# Lamb/Mutton meat pricing question



## olschoolsteel (Mar 6, 2016)

So I might have found a farm to store market for my lamb. The USDA butcher would take my lamb on the hoof, kill, butcher, and inspect along the way, cut and wrap for the market, and maybe even deliver to the market. The store is interested mainly because it is locally grown and grass finished. (as if there was any other way for lamb besides the CAFOs)

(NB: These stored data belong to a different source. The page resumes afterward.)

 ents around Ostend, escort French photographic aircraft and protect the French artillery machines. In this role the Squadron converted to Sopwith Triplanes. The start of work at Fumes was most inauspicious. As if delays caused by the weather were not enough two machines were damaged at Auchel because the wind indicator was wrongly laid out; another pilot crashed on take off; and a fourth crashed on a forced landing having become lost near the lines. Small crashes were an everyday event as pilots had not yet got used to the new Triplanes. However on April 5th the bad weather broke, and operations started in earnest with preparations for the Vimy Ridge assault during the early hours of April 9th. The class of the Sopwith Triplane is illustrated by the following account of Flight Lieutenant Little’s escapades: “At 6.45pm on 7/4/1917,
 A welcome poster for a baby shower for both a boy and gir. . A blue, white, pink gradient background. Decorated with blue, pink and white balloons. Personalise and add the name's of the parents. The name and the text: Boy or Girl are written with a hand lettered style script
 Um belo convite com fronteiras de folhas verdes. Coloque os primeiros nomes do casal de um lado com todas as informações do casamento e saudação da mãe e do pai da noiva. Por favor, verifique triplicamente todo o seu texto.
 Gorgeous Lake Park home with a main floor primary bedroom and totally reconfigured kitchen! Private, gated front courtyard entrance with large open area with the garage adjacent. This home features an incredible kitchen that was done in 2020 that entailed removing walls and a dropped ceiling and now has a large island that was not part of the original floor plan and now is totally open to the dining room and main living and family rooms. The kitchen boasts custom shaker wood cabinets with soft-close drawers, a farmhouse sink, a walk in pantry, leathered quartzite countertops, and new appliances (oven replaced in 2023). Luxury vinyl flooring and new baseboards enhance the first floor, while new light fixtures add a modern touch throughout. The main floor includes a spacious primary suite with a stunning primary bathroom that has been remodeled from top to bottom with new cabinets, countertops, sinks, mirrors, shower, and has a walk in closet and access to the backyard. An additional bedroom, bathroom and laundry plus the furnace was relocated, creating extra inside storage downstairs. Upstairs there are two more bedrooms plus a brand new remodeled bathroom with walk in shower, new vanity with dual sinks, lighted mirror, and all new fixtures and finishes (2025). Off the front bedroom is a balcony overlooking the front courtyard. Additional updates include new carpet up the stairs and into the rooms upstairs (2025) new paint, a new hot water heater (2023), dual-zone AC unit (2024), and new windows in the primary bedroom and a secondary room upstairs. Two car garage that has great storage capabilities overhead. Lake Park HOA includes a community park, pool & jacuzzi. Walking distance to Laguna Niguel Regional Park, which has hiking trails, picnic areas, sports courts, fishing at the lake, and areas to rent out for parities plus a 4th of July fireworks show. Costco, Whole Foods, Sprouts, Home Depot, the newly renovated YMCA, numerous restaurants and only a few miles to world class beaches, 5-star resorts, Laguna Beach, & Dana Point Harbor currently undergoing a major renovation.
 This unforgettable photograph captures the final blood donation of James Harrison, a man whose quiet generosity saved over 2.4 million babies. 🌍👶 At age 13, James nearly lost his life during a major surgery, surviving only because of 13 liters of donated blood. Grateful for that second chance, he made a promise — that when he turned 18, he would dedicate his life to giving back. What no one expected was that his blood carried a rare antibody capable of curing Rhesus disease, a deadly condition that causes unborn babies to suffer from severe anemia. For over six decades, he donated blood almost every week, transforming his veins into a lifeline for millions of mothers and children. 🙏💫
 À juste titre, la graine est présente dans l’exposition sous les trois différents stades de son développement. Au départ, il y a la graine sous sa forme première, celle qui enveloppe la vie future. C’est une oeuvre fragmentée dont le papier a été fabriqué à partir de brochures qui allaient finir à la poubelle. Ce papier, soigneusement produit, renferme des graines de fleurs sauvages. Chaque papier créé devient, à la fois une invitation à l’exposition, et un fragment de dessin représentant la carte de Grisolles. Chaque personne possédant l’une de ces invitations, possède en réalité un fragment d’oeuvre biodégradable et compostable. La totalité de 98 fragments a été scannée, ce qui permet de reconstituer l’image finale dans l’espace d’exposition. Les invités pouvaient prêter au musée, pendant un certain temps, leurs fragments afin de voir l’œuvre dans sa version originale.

I just got off the phone with the butcher and he has a way to rail weigh the carcass. This provides me the seller and the buyer a third party way to weigh the meat. The question is, What do I charge? Should I just go off off the upper echelon of the going auction rate for lambs? I am looking to stay in the green and I have the market cornered on this so to speak so I can set a high yet reasonable price per pound without much push back. After all, us farmers should make a good return for daily feedings in the rain, snow, sleet, and feed costs. I am thinking in the area of $2.55lb rail weight. The market can cut a deal with the butcher on the price per head kill/cut and inspection fees and absorb that themselves.

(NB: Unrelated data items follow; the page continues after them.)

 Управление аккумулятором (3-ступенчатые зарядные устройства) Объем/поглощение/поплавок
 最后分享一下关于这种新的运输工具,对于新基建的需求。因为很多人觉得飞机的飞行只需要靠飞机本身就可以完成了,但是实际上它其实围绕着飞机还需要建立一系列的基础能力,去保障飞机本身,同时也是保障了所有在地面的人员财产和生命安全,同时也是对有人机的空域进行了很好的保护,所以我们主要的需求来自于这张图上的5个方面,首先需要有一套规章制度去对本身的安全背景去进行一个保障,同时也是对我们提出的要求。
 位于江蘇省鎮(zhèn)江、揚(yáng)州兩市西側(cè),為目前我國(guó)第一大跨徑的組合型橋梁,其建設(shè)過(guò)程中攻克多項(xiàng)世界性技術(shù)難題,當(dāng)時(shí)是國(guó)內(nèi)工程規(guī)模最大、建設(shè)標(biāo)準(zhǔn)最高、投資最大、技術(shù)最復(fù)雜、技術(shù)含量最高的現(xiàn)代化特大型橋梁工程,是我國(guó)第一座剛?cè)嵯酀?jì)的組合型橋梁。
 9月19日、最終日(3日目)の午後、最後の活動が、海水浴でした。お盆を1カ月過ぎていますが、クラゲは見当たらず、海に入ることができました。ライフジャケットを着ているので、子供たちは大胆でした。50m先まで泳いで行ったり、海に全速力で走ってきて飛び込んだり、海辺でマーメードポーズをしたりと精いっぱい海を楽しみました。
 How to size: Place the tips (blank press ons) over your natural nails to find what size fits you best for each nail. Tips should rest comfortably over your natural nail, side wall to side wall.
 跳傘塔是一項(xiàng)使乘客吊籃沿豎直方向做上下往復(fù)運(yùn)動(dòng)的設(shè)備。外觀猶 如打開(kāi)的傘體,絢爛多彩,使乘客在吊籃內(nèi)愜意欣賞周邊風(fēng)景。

What say you oh wise ones of the forum?

As a side note, the butcher says he sees no difference in the meat between hair sheep vs wool sheep except for the outer fat that they usually have to trim off any way. So that means the few extra Barbados and Dorpers that are in with my woolies can be butchers and the end product is about the same. Save for a little extra marbling for the woolies, he sees no difference once on the cutting table.


----------



## deadmoose (Oct 30, 2011)

Sounds cheap to me. Glass will chime in..

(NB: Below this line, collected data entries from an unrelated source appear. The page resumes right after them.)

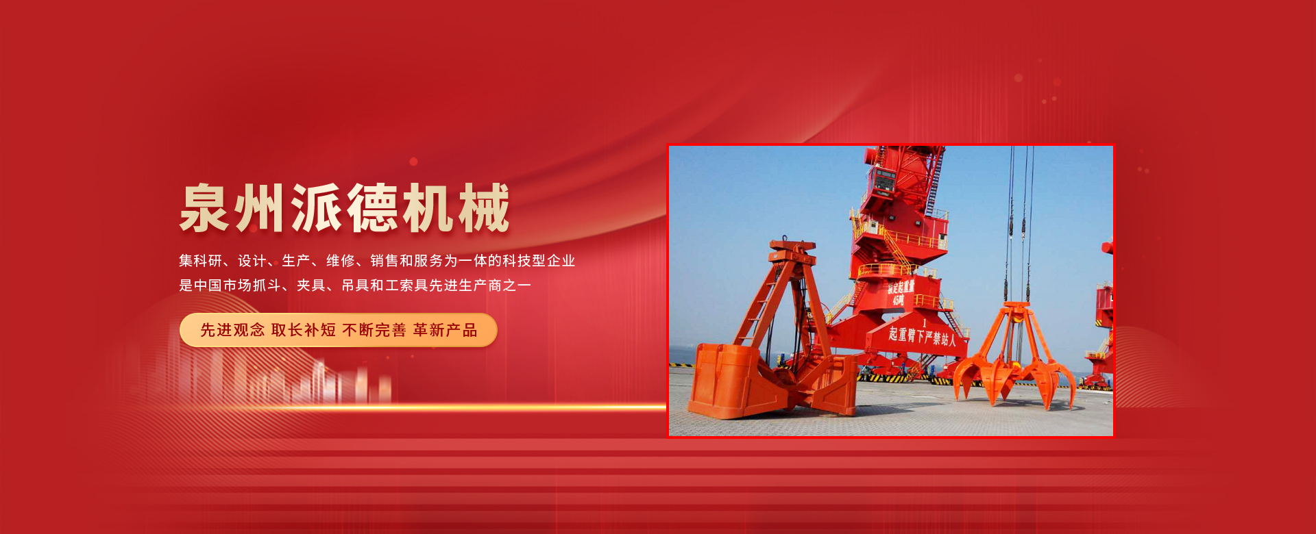 泉州派德機械有限公司成立于2012年5月,位于全國文明的古城福建泉州,公司擁有各類型專業(yè)員工82人,其中高級工程師1人,工程師4人,助理工程師5人,是一家集科研、設(shè)計、生產(chǎn)、維修、銷售和服務(wù)為一體的科技型企業(yè),是中國市場抓斗、夾具、吊具和工索具先進生產(chǎn)商之一。產(chǎn)品采用國內(nèi)外先進的設(shè)計方案、技術(shù)規(guī)范、制造過程、工藝流程和服務(wù),憑借在抓斗、夾具、吊具和工索具領(lǐng)域的超前設(shè)計理念和成熟的技術(shù)、工藝和管理,在抓具領(lǐng)域迅速崛起。
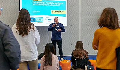 Auf dem careerHUB konnten sich Interessierte von Experten Coaching-Tipps für ihre Jobsuche holen oder sich über ein technisches Praktikum und Karrieremöglichkeiten informieren. Ganz neu in diesem Jahr: Speed-Dating – Job-Matchmaking, bei dem sich potenzielle Arbeitgeber und Bewerber in 5-minütigen Gesprächen kennenlernen konnten. Weitere Möglichkeiten zur Jobvermittlung und zum beruflichen Kennenlernen boten die Jobwand und die Hochschulstände auf dem careerHUB.
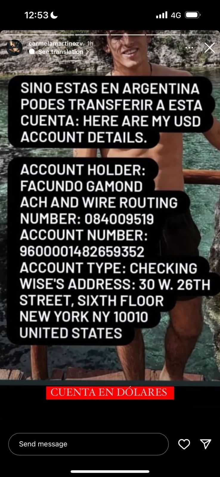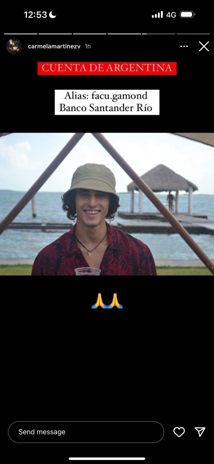 Quien sufrió las lesiones de mayor gravedad fue el cordobés Benjamín Gamond (23), pareja de Carmela, que se encuentra internado en delicado estado. Ante esto, su novia grabó un video que luego difundió en las redes sociales, detallando cómo está su salud y pidiendo ayuda para afrontar todos los gastos de hospitalización.
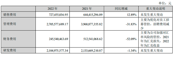 财报数据显示,蓝思科技2022年财务费用、管理费用分别支出2.46亿元和27.06亿元,相较2021年同期缩水2.67亿元、12.63亿元,降幅分别为52.09%和31.83%。
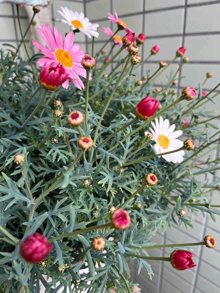 バルコニー/ベランダ,PWマーガレット ストロベリーホイップ,ガーデニングの投稿画像
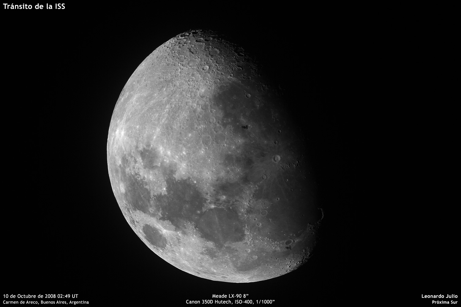 Casi tocando la medianoche del jueves 9 de Octubre de 2008 estaba previsto que la Estación Espacial Internacional (ISS) pasara por delante de la Luna, un evento denominado tránsito, que ocurre alternativamente sobre una franja estrecha donde la ubicación geográfica exacta es fundamental.
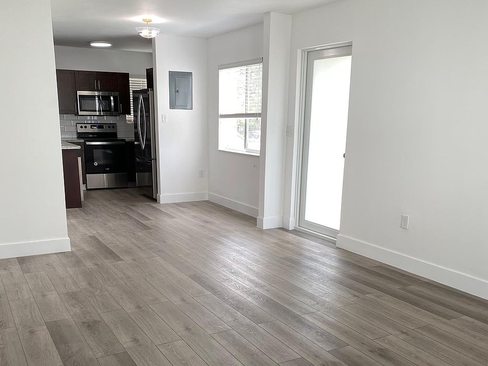 Newly upgraded duplex, new kitchen with all new appliances, dish washer, stove, microwave and refrigerator. New blinds, hurricane doors and windows, faux wood floors, new bathroom fixtures and flooring, new electrical and plumbing, ac and titan water heater. Exterior has parking space for two cars, and additional parking on the street. Duplex is fenced in with its own private back yard. Owners pay for water, alarm monitoring and monthly upkeep of yard. Small or medium pets are allowed with a one time fee of 300.00. Tenant is responsible for spraying for fleas in the yard and maintaining it clean and odor free. This is a non smoking unit.

But IIRC he was getting 1.80-2.30 live weight. I am not experienced in lamb yield, but if it was beef, those are 3-3.85 ish.


----------



## glasswrongsize (Sep 15, 2015)

I think that 2.55 would be dirt cheap for lamb. Uncle sold to the market south of me and got 2.30 (gross should be @ 2.17 net) for 48 lb average lambs. I sold 2 separate batches north (48 lb avg and 56 lb avg) and got 2.15 (net). If they cut out at 60 percent (they are expected to cut out at 50% which would be 4.30 per pound hanging weight), that would be 3.58 per pound hanging weight. That was the lamb part; for mutton, I have no idea.

That is all figured on 2.15 lamb prices. The price is a little high to the Eastern Orthodox Easter market. The past couple of weeks, prices were 1.80 lb and 2 weeks before Easter they were 2.20, and 2 weeks before that they were in the 1.80 range again.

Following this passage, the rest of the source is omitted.